PERIPLASMIC EXPRESSION OF HUMAN INTERFERON-ALPHA-2C IN ESCHERICHIA-COLI RESULTS IN A CORRECTLY FOLDED MOLECULE

Human interferon-alpha2c (IFN-alpha2c) was produced in Escherichia coli under the control of the alkaline phosphatase promoter using a periplasmic expression system. Compared with other leader sequences, the heat-stable entertoxin II leader of E. coli (STII) resulted in the highest rate of correct processing as judged by Western-blot analysis. The fermentation was designed as a batch-fed process in order to obtain a high yield of biomass. The processing rate of IFN-alpha2c could be increased from 25% to more than 50% by shifting the fermentation pH from 7.0 to 6.7. IFN-alpha2c extracted from the periplasm was purified by a new four-step chromatographic procedure.
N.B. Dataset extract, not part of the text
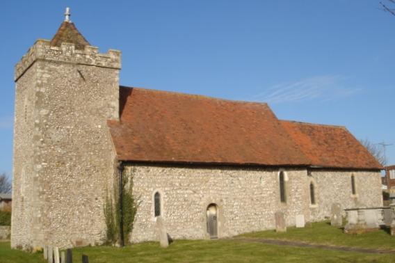 St Helen's Church, Hangelton, City of Brighton and Hove, England. Viewed from the southwest. The flints in the south wall are laid in a herringbone pattern. Listed at Grade II* by Historic England (NHLE Code 1298636)

Whereas cytoplasmically produced IFN-alpha2c does not have its full native structure, IFN-alpha2c extracted from the periplasm was found to be correctly folded, as shown by c.d. spectroscopy. Peptide-map analysis in combination with m.s. revealed the correct formation of disulphide bridges. N-terminal sequence analysis showed complete removal of the leader sequence, creating the authentic N-terminus starting with cysteine.